All datasets described in this article, for the 87 countries listed in Tables 1 and 2, are publicly and freely available through both the WorldPop Dataverse Repository (Data Citation 1: Harvard Dataverse http://dx.doi.org/10.7910/DVN/S5JHQN, Data Citation 2: Harvard Dataverse http://dx.doi.org/10.7910/DVN/6TPPZ8, Data Citation 3: Harvard Dataverse http://dx.doi.org/10.7910/DVN/4MJN3G, Data Citation 4: Harvard Dataverse http://dx.doi.org/10.7910/DVN/GUSJUZ) and the WorldPop website (http://www.worldpop.org.uk/data/data_sources/). While the datasets available through the WorldPop Dataverse Repository will be preserved in their published form while the ones available through the WorldPop website will be integrated with additional countries (Middle Eastern countries and Japan). Furthermore, additional gridded subnational dependency ratio datasets and high resolution gridded 5-year age/sex group count datasets for all countries located in Latin America and the Caribbean will be soon available through the WorldPop website.

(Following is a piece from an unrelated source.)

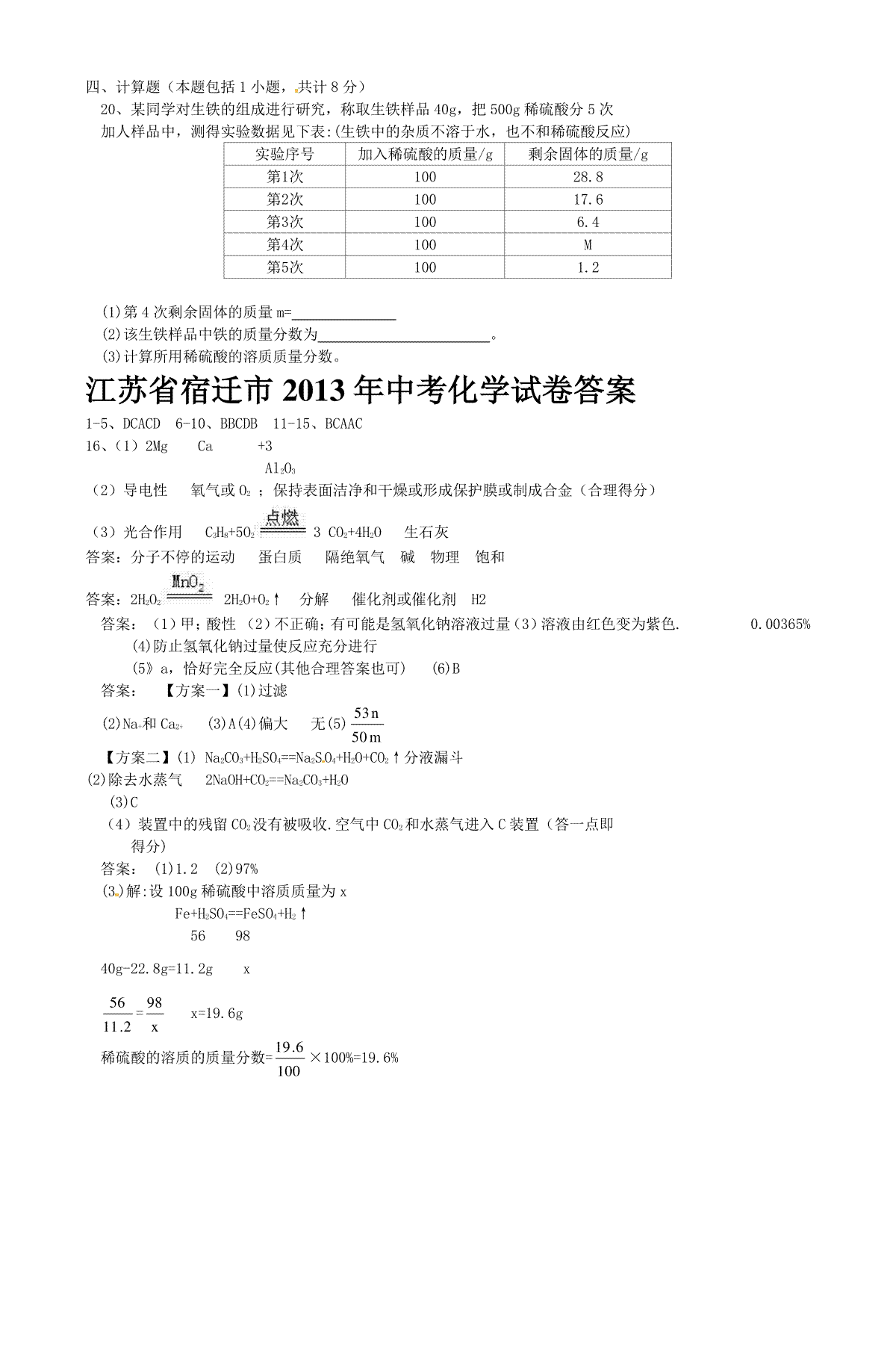 下载2013年江苏省宿迁市中考化学试题及答案PDF格式或doc

Gridded subnational dependency ratio datasets and high resolution gridded 5-year age/sex group count datasets for each country listed in Tables 1 and 2 can be obtained by (i) downloading the corresponding datasets associated with the continent in which the country of interest is located and (ii) using the accompanying gridded ISO country code mask45 to extract them (Table 4).

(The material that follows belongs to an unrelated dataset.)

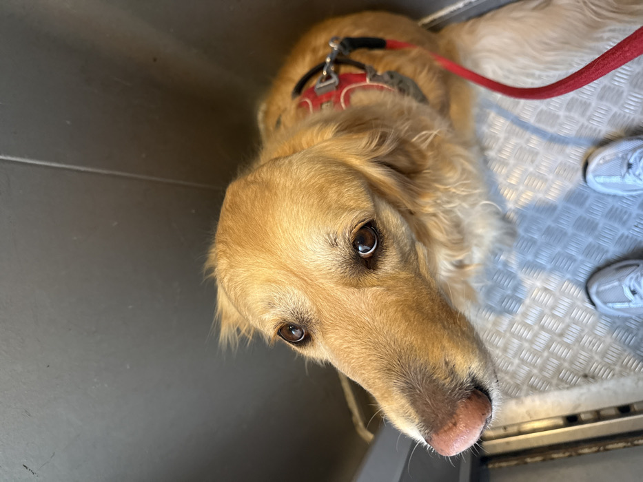 - "A light golden-furred Golden Retriever dog, wearing a red harness with a red leash attached, is situated on a silver-colored metal diamond plate floor within an enclosed space, likely an elevator, in Neuilly-sur-Seine, France" by FM-HFmI52, licensed under CC BY 4.0

Table 4: Name, description (from XX to YY represents all 5-year age groups from 00 up to a final group aged 65 and over), format, resolution and DOI of all datasets available for Africa and Asia (including the gridded ISO country code mask45 needed to extract country datasets from the continental datasets).

Technical Validation

All data collected, assembled and used were (i) already validated by the corresponding data collector, owner and/or distributor, and (ii) further checked, in the framework of this project, to ensure that they represent true trait variation by inspecting the proportions in each age class and sex group (making sure they were within reasonable ranges on a country-by-country basis). Then, both the gridded subnational dependency ratio datasets and high resolution gridded 5-year age/sex group count datasets were produced by solely processing the input data and thus the outputs were simply verified by inspecting them for abnormal values and nonsensical results. For the high resolution gridded 5-year age/sex group count datasets, both for Africa and Asia, this was done by summing all of them into a single dataset (depicting the total numbers of people for all age groups and both sexes at the grid cell level) and then subtracting it from the corresponding WorldPop continental gridded population count dataset to make sure that country totals matched the UNPD estimates for 2010. Subnational dependency ratios were also evaluated by examining their spatial distribution and by comparing them against existing UN country-level estimates.

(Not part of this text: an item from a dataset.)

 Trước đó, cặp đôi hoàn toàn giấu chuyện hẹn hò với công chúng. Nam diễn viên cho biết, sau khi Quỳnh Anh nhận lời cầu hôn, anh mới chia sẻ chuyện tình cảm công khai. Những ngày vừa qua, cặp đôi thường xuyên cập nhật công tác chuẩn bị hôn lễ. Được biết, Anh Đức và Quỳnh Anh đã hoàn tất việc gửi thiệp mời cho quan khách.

Comparing sub-national dependency ratios against national estimates

The distributions of the YDR at sub-national scales for Africa and Asia were plotted against World Bank national estimates, for each country’s correspondent year. Figure 4 gives an indication of the size of the sub-national variation in the YDR shown in the subnational level datasets that is masked when averaging at national levels.

Figure 4: Differences between national and subnational young-age dependency ratios (YDR) for Asian and African countries.
Figure 4

(a) shows Asian countries and (b) shows African countries. For each country, the year of World Bank national estimates (red dots) correspond to the year of our data. The solid bold center line of the boxplot shows the median values, the box width represents the interquartile range, and the whiskers extend to 1.5 times the interquartile range from the box (values further away than this are shown as open circles). The administrative unit level of the sub-national data used here is shown in brackets next to the country name on the x-axis.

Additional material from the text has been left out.